Increasingly parents talk of how relationships with their children improve when you remove daily battles.  Jane Gandee, Headmistress at St Swithun’s School, just an hour from London agrees. “Both boarders and their parents speak persuasively of how they enjoy a better relationship because the vast majority of the nagging so necessary in bringing up children can take place in school.”

Independent learning

Doing homework and fitting in after school activities on the same day can become a logistical and emotional challenge for many London parents, especially when they have more than one child to help.  “Parents are frequently worried about who will help their child do their prep as it’s such a struggle to get them to settle down at home.” Says Barnaby Gray Head of Boarding at Highfield School.  “Prep is supervised by teachers who know about the subject so if a child is struggling they can help out with any queries.”

Extending the day

Living at school also allows children to make the most of every day, cutting out commuting time to create precious extra minutes to reflect, relax or focus on a particular activity.  At Highfield School in Hampshire children are free to run in 175 acres of safe, private grounds enjoying the fresh air and beautiful rolling countryside.
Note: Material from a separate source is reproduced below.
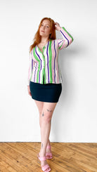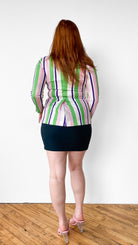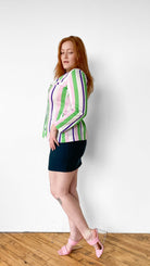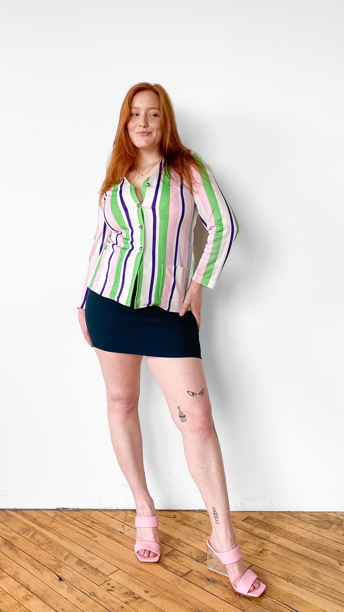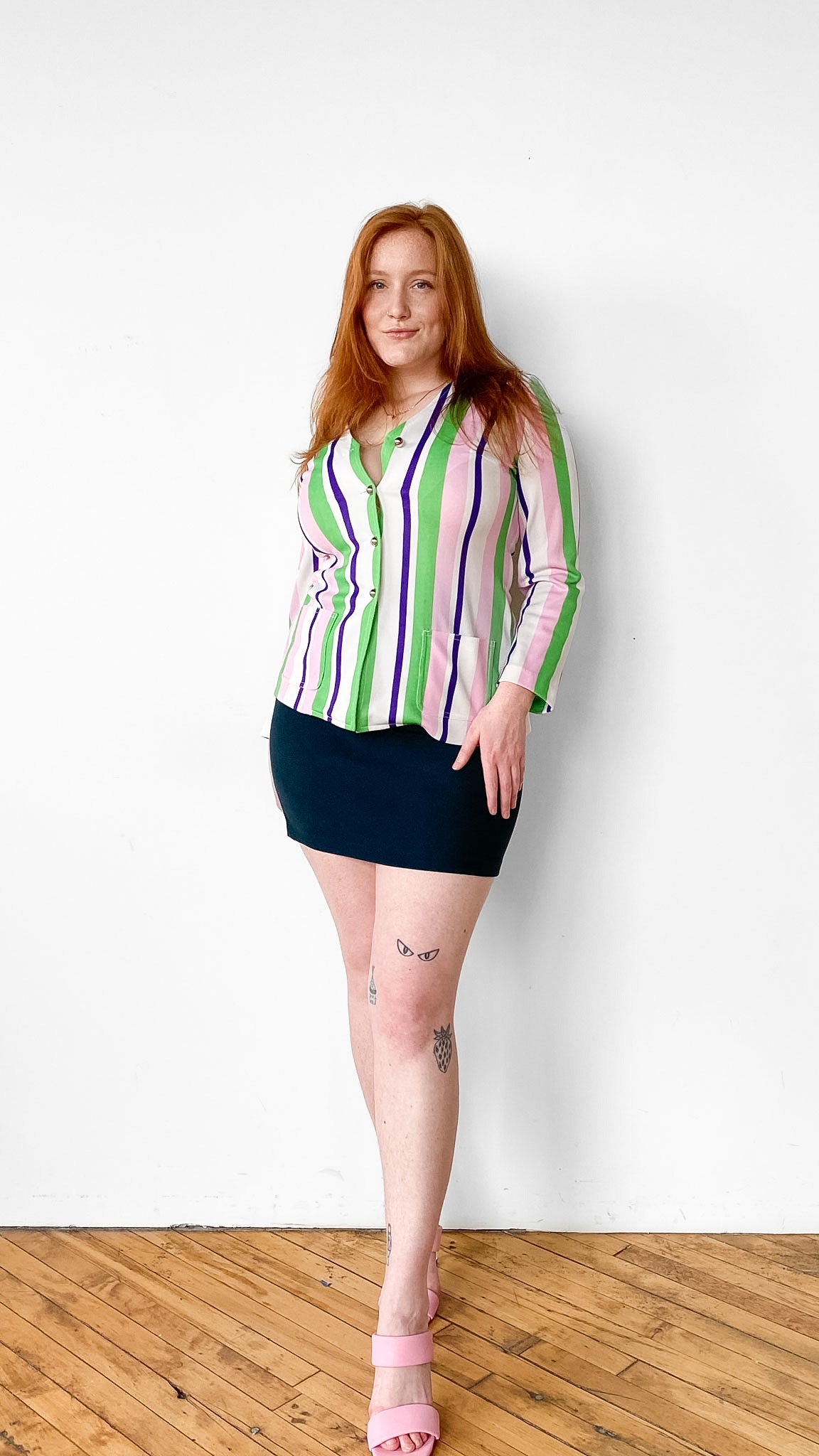 Classic dark green pencil skirt with zipper down center back. Unlined. Material has some stretch.

There are woodlands to explore and build camps in, and trees to climb. “Few children get to enjoy such old fashioned freedom today especially in our towns and cities,” says Sarah Gray, Senior Girls’ Housemistress.

Boarding young

But sending children to board young has its critics with some suggesting boarding under 13 should be avoided.  However, Dirk Flower a psychologist and expert in family therapy says there are several reasons why boarding younger is actually easier for the child. “Between eight and twelve children are much more open to learning a new value system and adapt well to the supportive structure of academic tuition. At thirteen children are at a stage of making a stand against authority and often look for ways to disrupt the system.”

Boarding isn’t the right choice for every child.  Nor does it suit every parent.  But for some families it provides the right balance between the demands of work and providing an enriching, intellectual experience for children.